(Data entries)
★ ★ ★ ★ ★ ★ ★
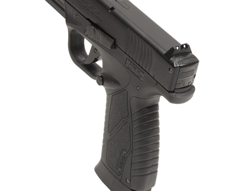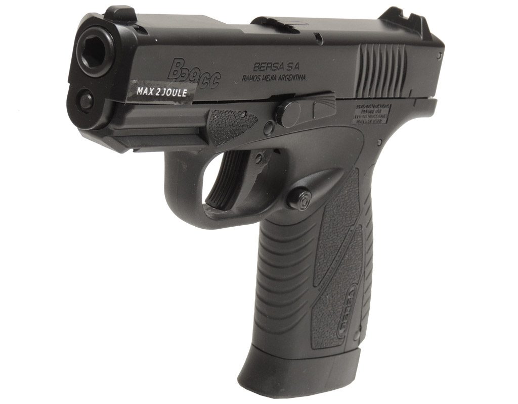 Vzduchová pistole Bersa BP9CC Blow Back cal. 4,5mm je tvarově nejvěrnější kopií reálného modelu Bersa. Pistole je vybavena pojistkou pro zajištění proti nechtěnému výstřelu. Loga argentinské zbrojovky Bersa dokonce i na krabičce což podtrhuje její autentičnost. Zbraň je určena pouze na ocelové BB broky. Blow-Back systém závěru umocňuje realistický vzhled při střelbě. Blow-Back navíc ulehčuje střelbu, natažením kohoutku po výstřelu.
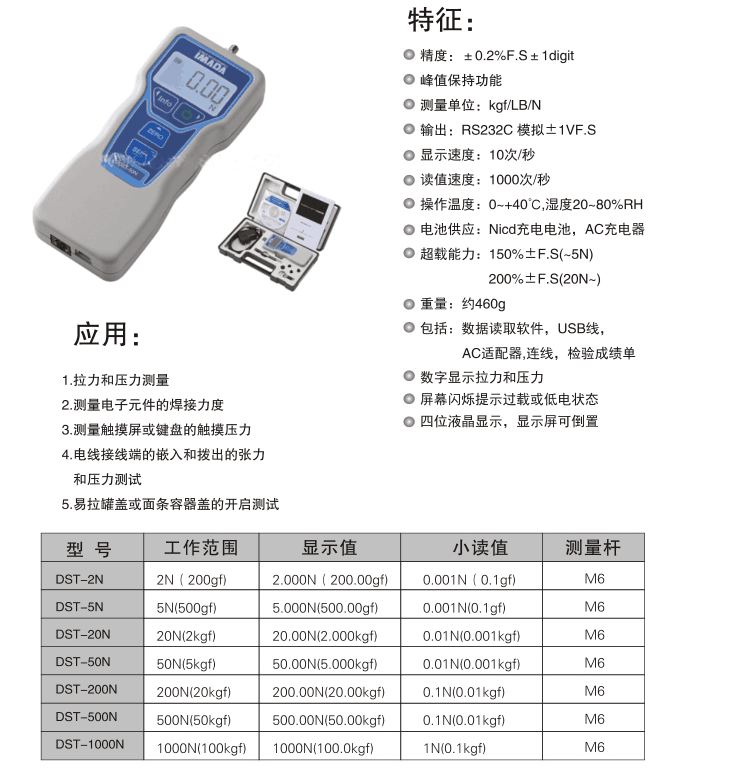 推拉力计用于各种产品的推拉负荷测试、插拔力测试、破坏试验等,可对物体进行拉力测试、压力测试、插拔力测试、裂开力测试、拉开力测试、拉开强度测试、弯曲力测试、剥离力测试、延伸力测试、硬度测试、破断力测试和开关拔动力测试。
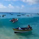 Une vague détruit un petit bateau
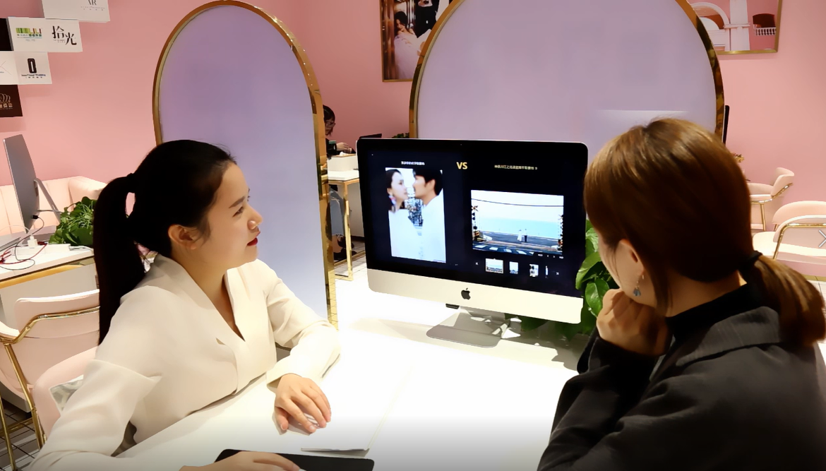 作为一家年轻个性化的摄影工作室,我们希望每一对新人都能感受到我们的认真和力量。水镜的出现,完美填补我们在门店展示方面的空缺。
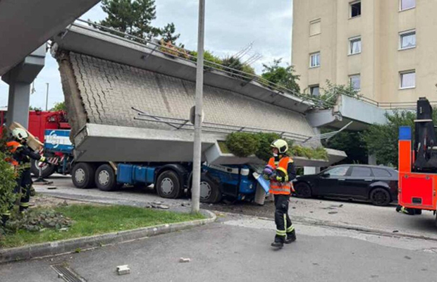 La agencia local APA afirma que el camión se estrelló contra el puente, un paso peatonal elevado, situado en el distrito de Auwiesen de Linz, capital del estado federado de Alta Austria.
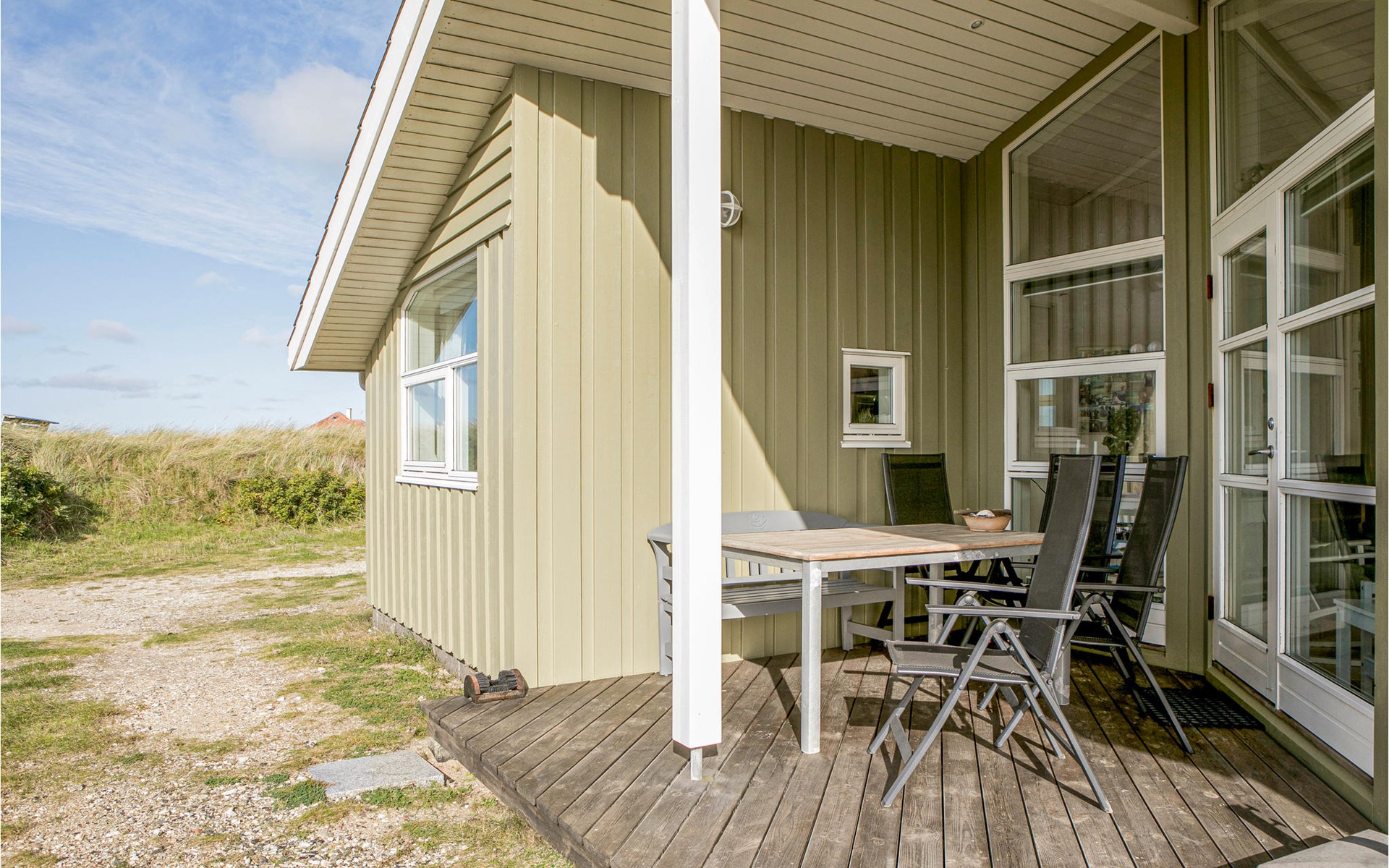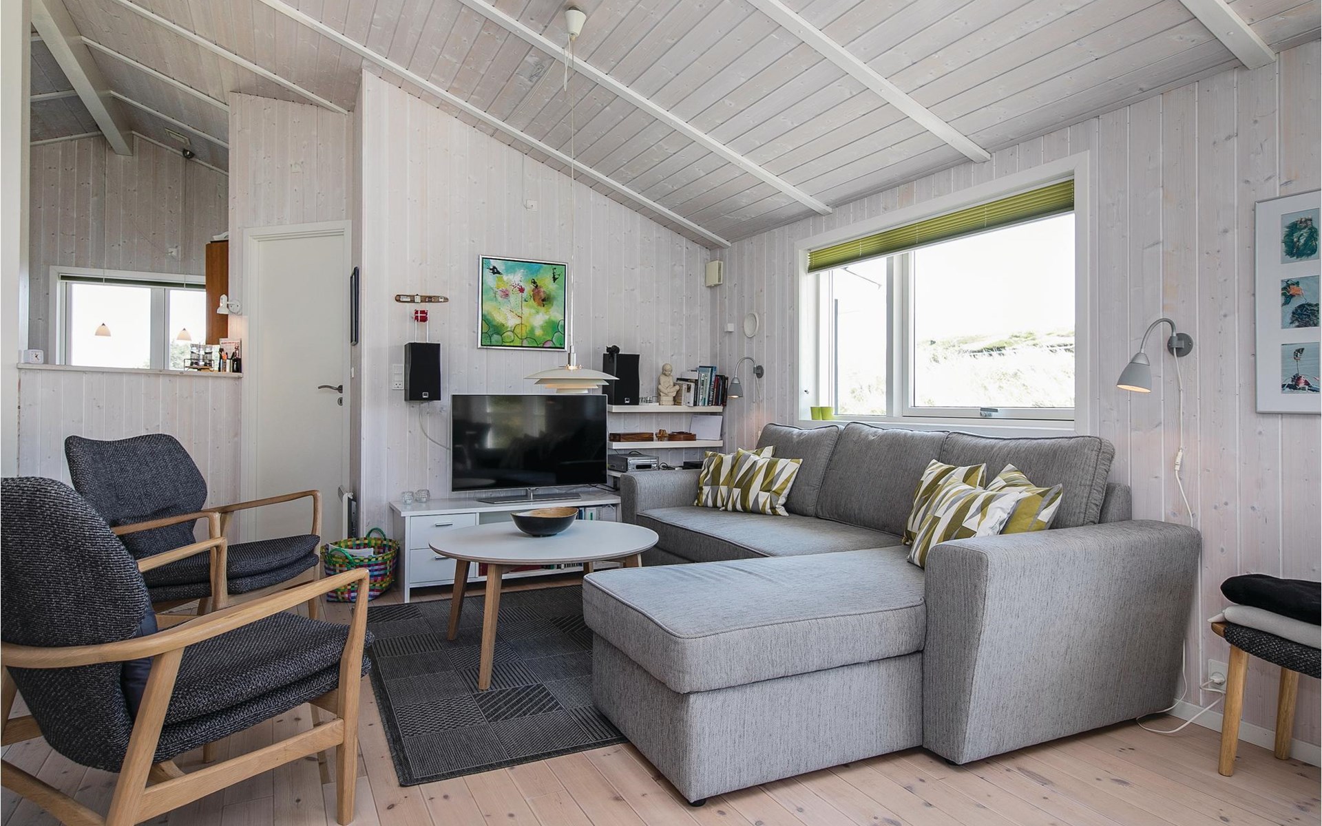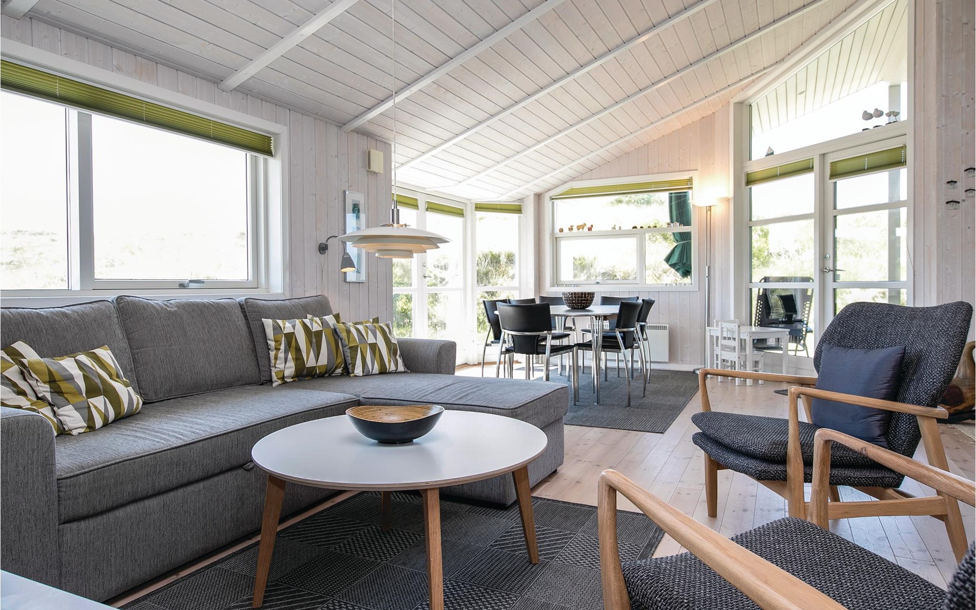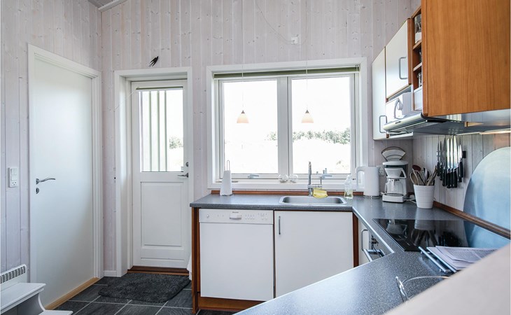 In the naturally beautiful Grønhøj, located between the seaside towns of Løkken and Blokhus, you will find this luxury house. From the hallway you enter a kitchen, which is open to the dining area and the living room. The large window sections provide plenty of light in the living room and through them you can fully enjoy the view. The living room and bedrooms have wooden floors and the rest of the rooms have clinker floors. A large wooden terrace surrounds most of the house. From a hilltop on the property you have a great panoramic view over dunes and sea.
★ ★ ★ ★ ★ ★ ★
All that should appear in the response is the run of lines from the one with "作为一家年轻个性化的摄影工作" through the final line of the records, restated exactly, with pictures omitted.

 作为一家年轻个性化的摄影工作室,我们希望每一对新人都能感受到我们的认真和力量。水镜的出现,完美填补我们在门店展示方面的空缺。
 La agencia local APA afirma que el camión se estrelló contra el puente, un paso peatonal elevado, situado en el distrito de Auwiesen de Linz, capital del estado federado de Alta Austria.
 In the naturally beautiful Grønhøj, located between the seaside towns of Løkken and Blokhus, you will find this luxury house. From the hallway you enter a kitchen, which is open to the dining area and the living room. The large window sections provide plenty of light in the living room and through them you can fully enjoy the view. The living room and bedrooms have wooden floors and the rest of the rooms have clinker floors. A large wooden terrace surrounds most of the house. From a hilltop on the property you have a great panoramic view over dunes and sea.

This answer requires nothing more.